■ **TASK GOAL**: Once you find the line below that has "Retro Duck Print Spliced Shoulder Bag", output it and every line after it exactly, stopping after the line that has "CyberWhisper is a", with no pictures.
─── DATA FOR THIS TASK ───
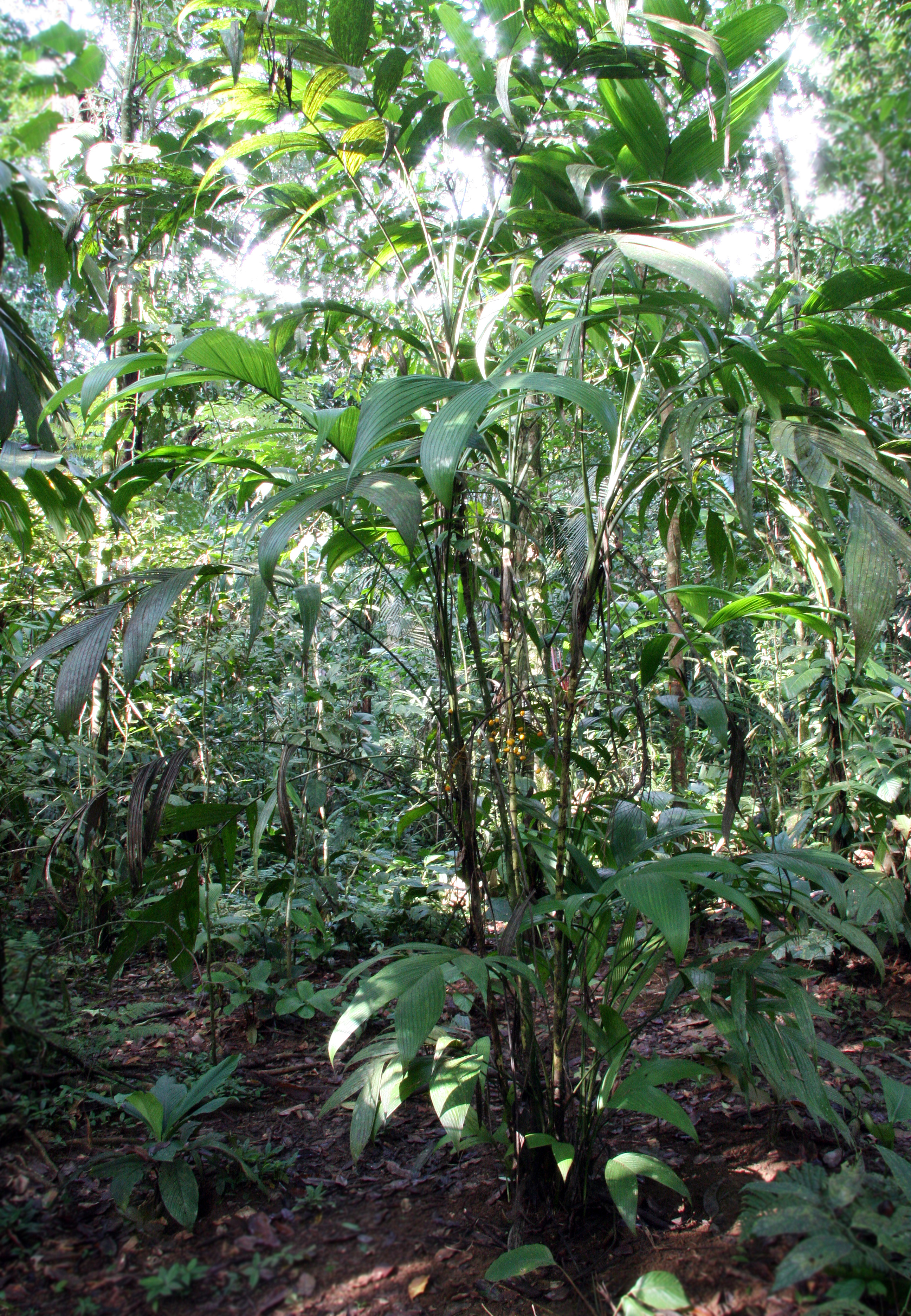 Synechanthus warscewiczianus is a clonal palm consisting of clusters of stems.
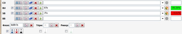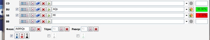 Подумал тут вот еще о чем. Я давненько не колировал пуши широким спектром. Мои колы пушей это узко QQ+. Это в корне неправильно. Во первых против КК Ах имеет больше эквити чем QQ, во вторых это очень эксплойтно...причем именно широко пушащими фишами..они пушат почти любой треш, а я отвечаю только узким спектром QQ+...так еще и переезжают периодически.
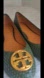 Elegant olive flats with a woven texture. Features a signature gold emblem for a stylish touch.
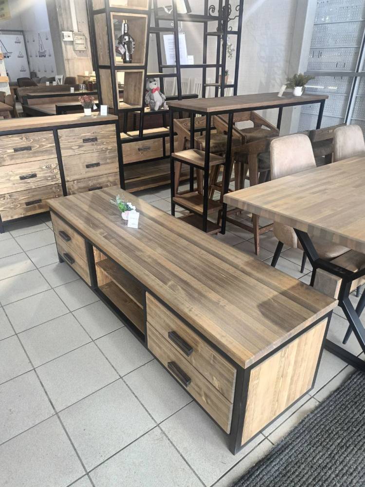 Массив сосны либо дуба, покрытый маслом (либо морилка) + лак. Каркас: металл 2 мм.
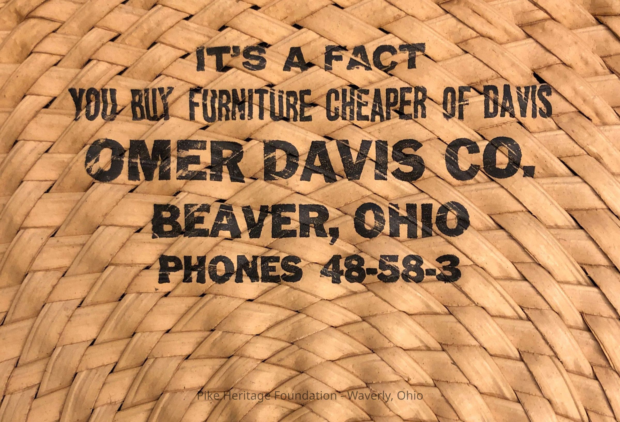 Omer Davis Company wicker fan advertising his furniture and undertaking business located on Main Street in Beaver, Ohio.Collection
───
─── DATA FOR THIS TASK ───
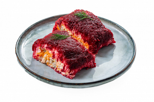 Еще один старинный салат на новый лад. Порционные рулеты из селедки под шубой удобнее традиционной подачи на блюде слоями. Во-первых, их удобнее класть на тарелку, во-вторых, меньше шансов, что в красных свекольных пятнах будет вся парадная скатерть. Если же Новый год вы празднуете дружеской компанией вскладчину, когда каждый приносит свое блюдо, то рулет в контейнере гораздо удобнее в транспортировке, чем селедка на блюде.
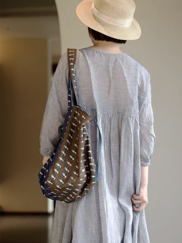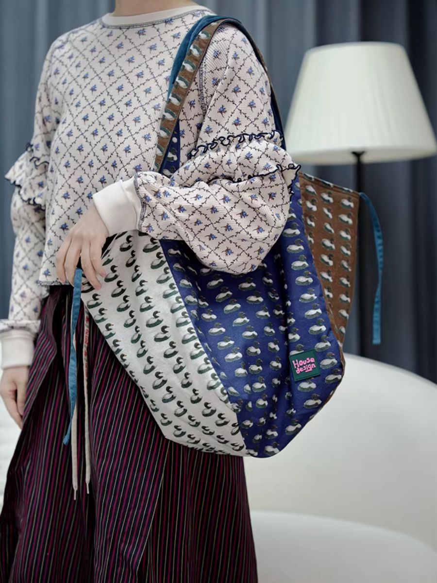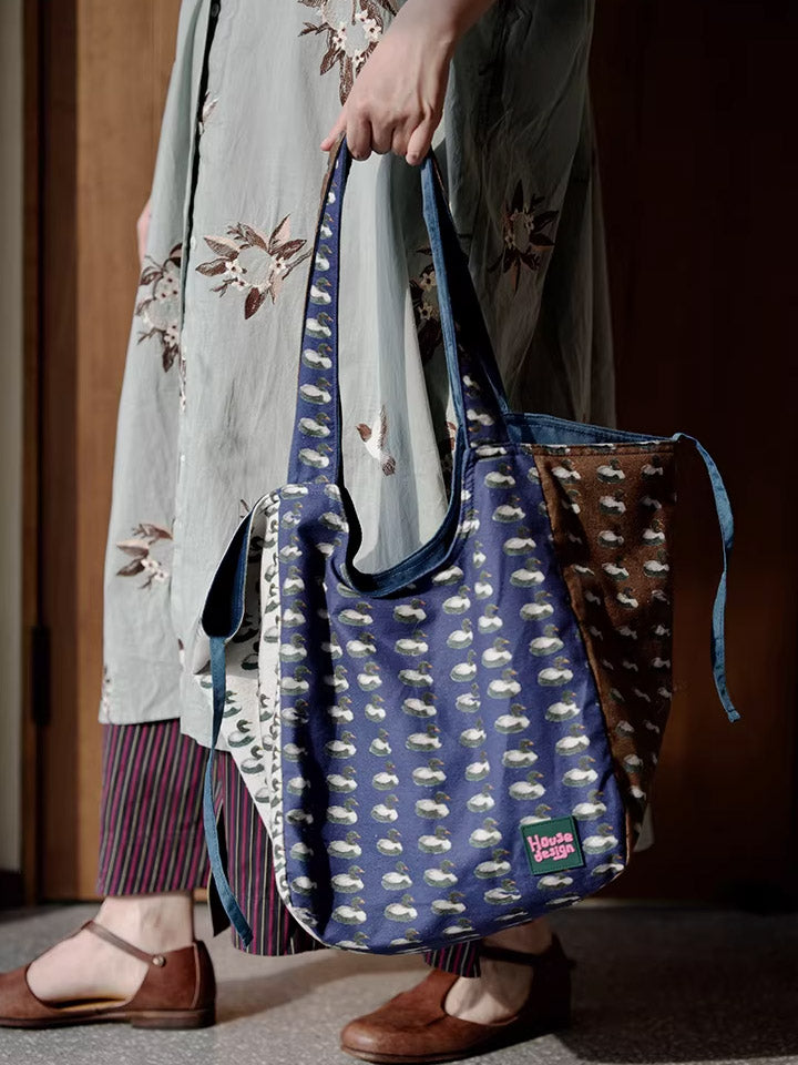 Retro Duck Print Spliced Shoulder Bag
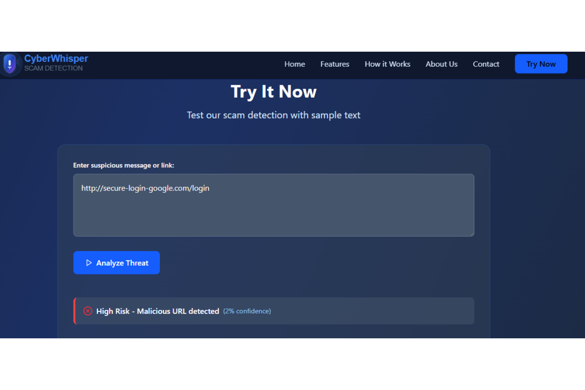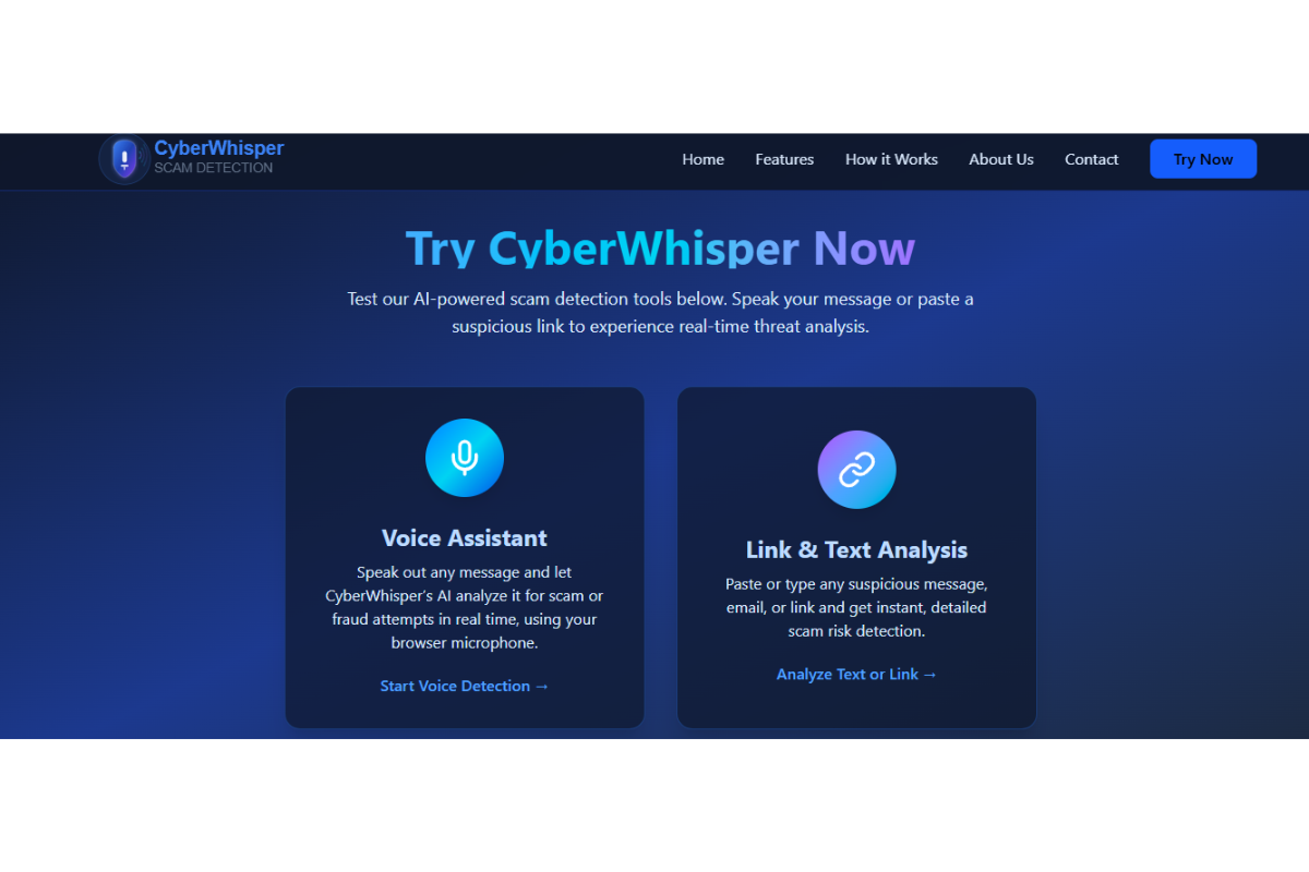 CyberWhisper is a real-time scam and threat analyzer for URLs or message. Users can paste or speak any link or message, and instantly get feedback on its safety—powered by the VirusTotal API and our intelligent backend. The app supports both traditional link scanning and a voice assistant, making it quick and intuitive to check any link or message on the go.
───
─── DATA FOR THIS TASK ───
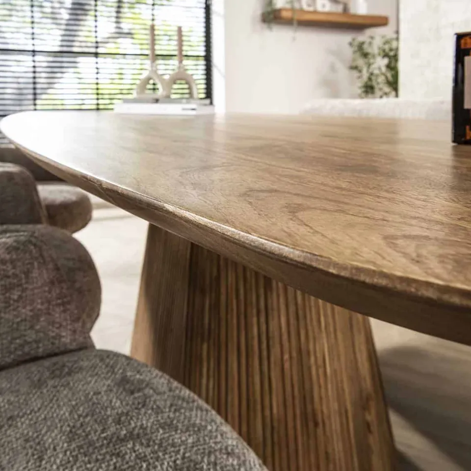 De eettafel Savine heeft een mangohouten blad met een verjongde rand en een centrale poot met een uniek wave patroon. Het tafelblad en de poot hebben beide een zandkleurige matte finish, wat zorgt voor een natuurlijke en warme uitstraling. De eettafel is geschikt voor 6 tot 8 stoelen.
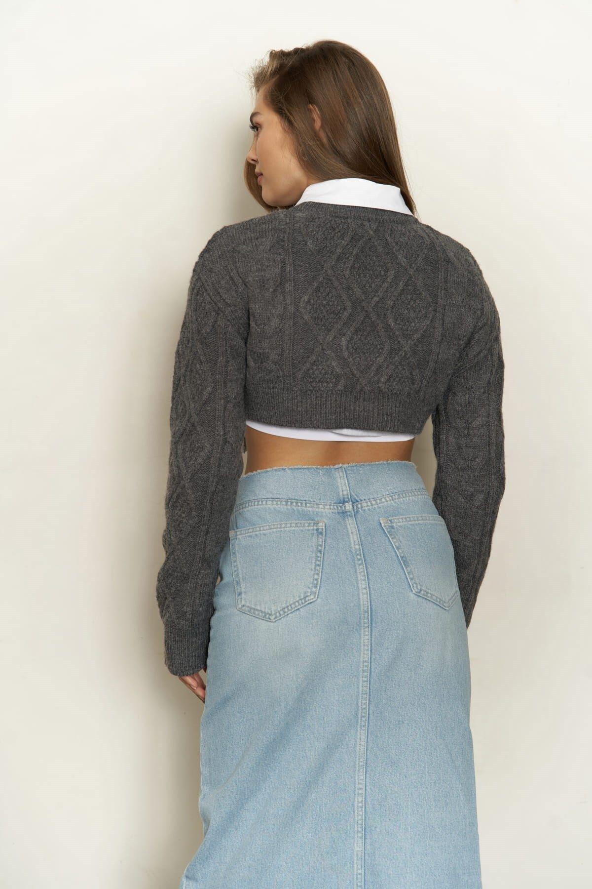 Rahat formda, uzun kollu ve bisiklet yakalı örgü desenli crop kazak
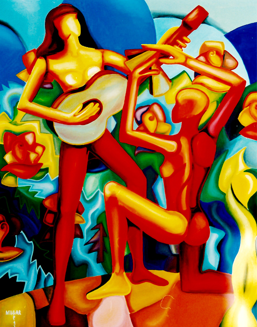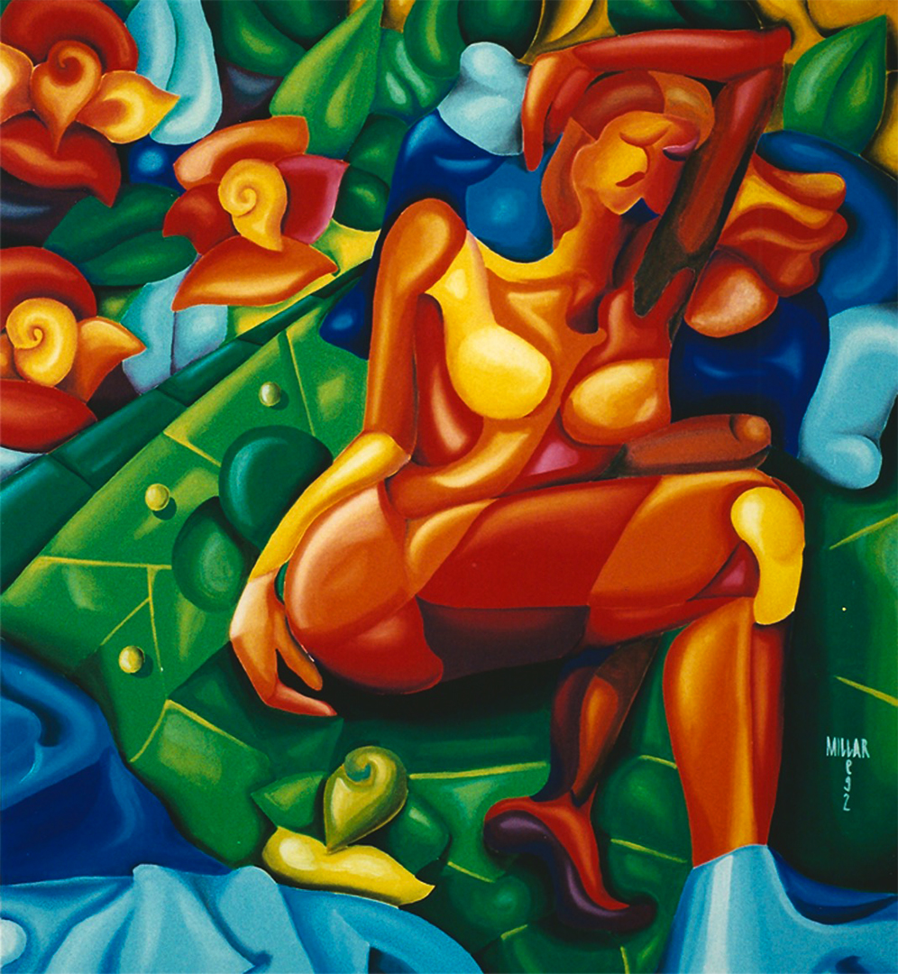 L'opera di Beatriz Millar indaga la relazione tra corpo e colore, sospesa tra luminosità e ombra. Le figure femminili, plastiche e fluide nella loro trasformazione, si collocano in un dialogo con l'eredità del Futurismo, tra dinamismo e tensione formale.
───
■ **SOLUTION FOR THIS PROBLEM**:
 Retro Duck Print Spliced Shoulder Bag
 CyberWhisper is a real-time scam and threat analyzer for URLs or message. Users can paste or speak any link or message, and instantly get feedback on its safety—powered by the VirusTotal API and our intelligent backend. The app supports both traditional link scanning and a voice assistant, making it quick and intuitive to check any link or message on the go.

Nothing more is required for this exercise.